Keluarga Alif baik. Hanya saja ada beberapa hal di keluarganya yang berkebalikan dengan keluargaku. Ada nilai nilai yang berbeda dan sedikit membuatku kesulitan menyesuaikan diri. Lalu aku yang penuh dengan rasa pesimis ini jadi semakin pesimis dengan kita. Ditambah Alif yang mungkin tak tahu dan tak mengerti, bisa dibayangkan bagaimana buruknya rasa percaya diriku. Sampai aku berpikir aku mungkin memang tak akan bisa bagaimanapun kerasnya aku mencoba.

Kata orang, menikah bukan hanya perkara dua orang yang akan menikah, tapi juga dua keluarga yang menjadi satu. Alif, aku sering ketakutan kalau-kalau nantinya jika kita berjodoh, aku masihlah orang lain bagi keluargamu. Jika itu terjadi, aku harus bagaimana? Tapi aku lebih takut lagi kalau akhirnya kita tak berjodoh. Rasanya seperti sebuah ke-sia-siaan lain di hidupku.

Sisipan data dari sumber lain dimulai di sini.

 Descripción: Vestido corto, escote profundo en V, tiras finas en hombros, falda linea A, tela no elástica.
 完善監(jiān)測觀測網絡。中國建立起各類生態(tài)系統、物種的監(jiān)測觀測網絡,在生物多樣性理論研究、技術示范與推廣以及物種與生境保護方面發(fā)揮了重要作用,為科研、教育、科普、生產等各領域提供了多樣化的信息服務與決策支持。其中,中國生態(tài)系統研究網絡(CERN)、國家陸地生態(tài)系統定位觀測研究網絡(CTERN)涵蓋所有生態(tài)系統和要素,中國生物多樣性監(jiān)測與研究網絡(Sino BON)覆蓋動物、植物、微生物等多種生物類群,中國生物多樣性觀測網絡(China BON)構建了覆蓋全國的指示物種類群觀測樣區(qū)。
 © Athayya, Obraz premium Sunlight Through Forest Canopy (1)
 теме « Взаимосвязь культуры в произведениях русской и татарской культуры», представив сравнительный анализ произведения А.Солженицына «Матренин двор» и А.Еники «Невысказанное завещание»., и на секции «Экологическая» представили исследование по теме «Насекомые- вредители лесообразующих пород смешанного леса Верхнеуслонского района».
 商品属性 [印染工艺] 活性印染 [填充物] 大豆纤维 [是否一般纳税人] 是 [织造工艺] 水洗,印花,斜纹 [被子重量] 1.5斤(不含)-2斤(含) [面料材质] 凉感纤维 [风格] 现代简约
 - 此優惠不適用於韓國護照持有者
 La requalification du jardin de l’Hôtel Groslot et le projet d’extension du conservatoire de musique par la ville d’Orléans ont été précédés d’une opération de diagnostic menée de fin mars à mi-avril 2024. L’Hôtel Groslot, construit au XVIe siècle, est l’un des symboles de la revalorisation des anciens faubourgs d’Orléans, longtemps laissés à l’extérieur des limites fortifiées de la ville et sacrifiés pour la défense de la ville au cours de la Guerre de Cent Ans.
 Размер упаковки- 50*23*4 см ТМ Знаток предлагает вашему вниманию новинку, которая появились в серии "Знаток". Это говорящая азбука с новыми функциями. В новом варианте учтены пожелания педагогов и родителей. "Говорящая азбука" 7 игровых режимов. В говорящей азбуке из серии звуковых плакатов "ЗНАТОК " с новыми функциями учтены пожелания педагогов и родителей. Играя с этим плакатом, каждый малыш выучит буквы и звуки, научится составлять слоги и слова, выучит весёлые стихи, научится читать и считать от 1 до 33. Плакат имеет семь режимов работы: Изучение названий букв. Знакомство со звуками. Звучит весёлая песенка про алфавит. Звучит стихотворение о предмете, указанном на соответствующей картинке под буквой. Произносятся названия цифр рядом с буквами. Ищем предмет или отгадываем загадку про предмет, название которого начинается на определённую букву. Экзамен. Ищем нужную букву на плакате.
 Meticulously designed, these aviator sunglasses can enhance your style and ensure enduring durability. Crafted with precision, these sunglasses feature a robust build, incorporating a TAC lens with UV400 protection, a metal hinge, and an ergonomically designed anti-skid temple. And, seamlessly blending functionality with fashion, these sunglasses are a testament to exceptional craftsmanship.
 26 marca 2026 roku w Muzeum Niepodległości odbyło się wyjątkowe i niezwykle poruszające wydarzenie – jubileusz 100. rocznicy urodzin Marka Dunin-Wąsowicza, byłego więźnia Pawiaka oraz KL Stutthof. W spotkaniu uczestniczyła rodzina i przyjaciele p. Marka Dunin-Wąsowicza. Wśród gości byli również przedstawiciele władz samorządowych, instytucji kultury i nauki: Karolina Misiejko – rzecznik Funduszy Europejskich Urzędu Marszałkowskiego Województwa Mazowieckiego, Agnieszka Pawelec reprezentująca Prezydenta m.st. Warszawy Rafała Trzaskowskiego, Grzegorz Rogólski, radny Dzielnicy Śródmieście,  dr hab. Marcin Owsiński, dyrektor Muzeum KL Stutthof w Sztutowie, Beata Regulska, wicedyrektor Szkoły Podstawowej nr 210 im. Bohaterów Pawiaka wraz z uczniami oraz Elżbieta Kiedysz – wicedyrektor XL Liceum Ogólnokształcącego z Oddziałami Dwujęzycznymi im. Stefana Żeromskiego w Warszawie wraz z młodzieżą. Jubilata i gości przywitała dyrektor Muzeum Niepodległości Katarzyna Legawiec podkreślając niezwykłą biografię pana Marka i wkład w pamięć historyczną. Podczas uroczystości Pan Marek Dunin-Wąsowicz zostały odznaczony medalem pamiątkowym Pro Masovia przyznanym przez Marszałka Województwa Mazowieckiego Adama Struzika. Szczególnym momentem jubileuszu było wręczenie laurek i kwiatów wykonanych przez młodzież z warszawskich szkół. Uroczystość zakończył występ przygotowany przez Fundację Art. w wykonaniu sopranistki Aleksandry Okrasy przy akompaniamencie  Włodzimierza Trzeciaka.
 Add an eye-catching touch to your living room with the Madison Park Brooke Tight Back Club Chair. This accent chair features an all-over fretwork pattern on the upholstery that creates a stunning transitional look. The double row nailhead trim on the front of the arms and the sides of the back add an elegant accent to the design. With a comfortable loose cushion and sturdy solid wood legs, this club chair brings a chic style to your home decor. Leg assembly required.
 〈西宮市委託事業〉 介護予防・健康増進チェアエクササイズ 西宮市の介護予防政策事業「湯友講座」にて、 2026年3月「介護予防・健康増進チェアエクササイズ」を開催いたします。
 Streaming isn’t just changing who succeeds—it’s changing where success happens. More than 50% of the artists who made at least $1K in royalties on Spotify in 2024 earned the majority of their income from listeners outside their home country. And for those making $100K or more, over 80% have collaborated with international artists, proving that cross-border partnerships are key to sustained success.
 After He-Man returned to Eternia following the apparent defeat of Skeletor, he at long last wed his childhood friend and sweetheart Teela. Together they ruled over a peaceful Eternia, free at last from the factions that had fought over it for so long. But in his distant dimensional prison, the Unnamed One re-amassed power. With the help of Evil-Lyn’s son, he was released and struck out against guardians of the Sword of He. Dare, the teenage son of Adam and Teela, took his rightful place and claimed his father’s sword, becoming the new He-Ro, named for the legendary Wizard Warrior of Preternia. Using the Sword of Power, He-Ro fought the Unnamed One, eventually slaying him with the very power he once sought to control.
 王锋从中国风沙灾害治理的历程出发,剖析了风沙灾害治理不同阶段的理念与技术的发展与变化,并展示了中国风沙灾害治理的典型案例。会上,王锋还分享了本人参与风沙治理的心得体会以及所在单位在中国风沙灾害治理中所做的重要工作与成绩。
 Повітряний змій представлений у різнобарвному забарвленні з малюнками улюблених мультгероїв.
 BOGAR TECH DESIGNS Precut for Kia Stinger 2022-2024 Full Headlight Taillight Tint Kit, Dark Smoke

Lalu seserius apa kamu denganku, Lif? Melihat bagaimana kita belakangan ini, kadang aku berfikir kamu mana mungkin denganku. Aku yang begini. Memang kamu mau? Sesayang apa kamu denganku sekarang, Lif? Masih seperti dulu? Atau aku sudah menjadi satu bagian dari keterbiasaan dalam hidupmu? Aku ingin tahu. Meskipun kamu bilang, "Sayang kan nggak perlu diucapin setiap hari. Kita bukan anak SMA lagi," tapi aku suka hal-hal SMA itu. Aku suka setiap kali aku membaca kata 'Love you' di ruang obrolan kita berdua. Aku suka kalau kamu bilang, "Mikha, aku tuh sayang sama kamu tau. Jangan marah-marah terus," saat aku marah karena hal-hal sepele.

Aku tahu ini mungkin melewati batas. Tapi kalau boleh aku ingin terus denganmu. Kalau boleh aku juga ingin jalan-jalan dan menghabiskan waktu berdua dengan kamu seperti dulu. Seperti bagaimana kamu meninggalkan komputermu untuk pulang. Aku juga punya harapan aku menjadi pulangmu yang kedua.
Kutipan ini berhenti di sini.